• [EXERCISE]:
Give again, word for word, each line below starting at the one that contains "Selatan, Selasa (11/2/2025)." and ending at the one that contains "Recycled Swim Trunks".

• [INPUT FOR THIS TASK]:
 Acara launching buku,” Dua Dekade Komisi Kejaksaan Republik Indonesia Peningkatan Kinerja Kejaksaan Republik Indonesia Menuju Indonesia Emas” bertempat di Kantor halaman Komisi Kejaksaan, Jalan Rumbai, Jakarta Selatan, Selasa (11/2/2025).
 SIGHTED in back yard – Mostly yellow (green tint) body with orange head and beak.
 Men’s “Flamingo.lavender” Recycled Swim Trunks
==
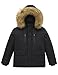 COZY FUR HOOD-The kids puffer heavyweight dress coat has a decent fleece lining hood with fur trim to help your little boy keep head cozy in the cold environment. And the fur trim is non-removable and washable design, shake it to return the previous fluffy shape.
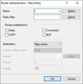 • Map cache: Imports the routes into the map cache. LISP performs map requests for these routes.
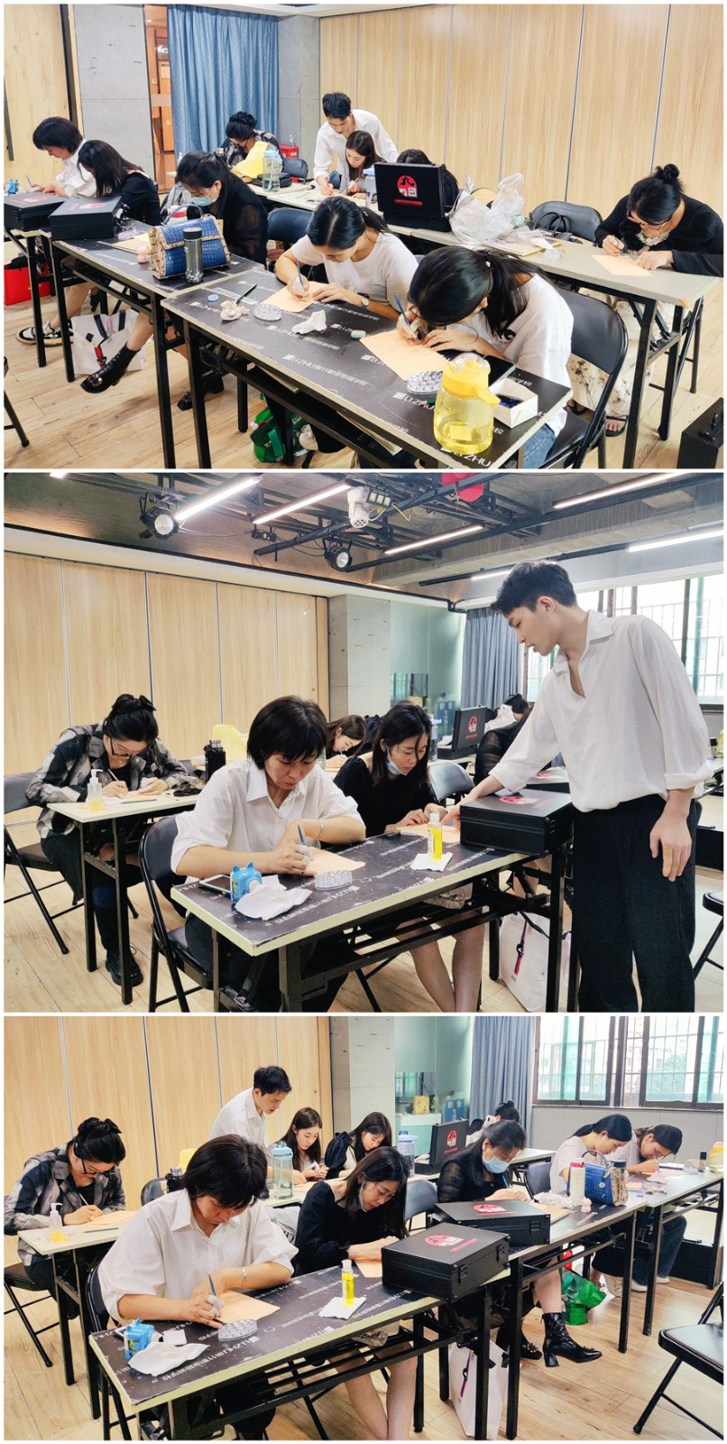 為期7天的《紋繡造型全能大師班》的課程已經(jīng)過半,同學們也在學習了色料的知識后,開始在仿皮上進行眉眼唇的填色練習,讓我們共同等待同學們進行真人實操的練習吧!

• [TASK RESPONSE]:
 Acara launching buku,” Dua Dekade Komisi Kejaksaan Republik Indonesia Peningkatan Kinerja Kejaksaan Republik Indonesia Menuju Indonesia Emas” bertempat di Kantor halaman Komisi Kejaksaan, Jalan Rumbai, Jakarta Selatan, Selasa (11/2/2025).
 SIGHTED in back yard – Mostly yellow (green tint) body with orange head and beak.
 Men’s “Flamingo.lavender” Recycled Swim Trunks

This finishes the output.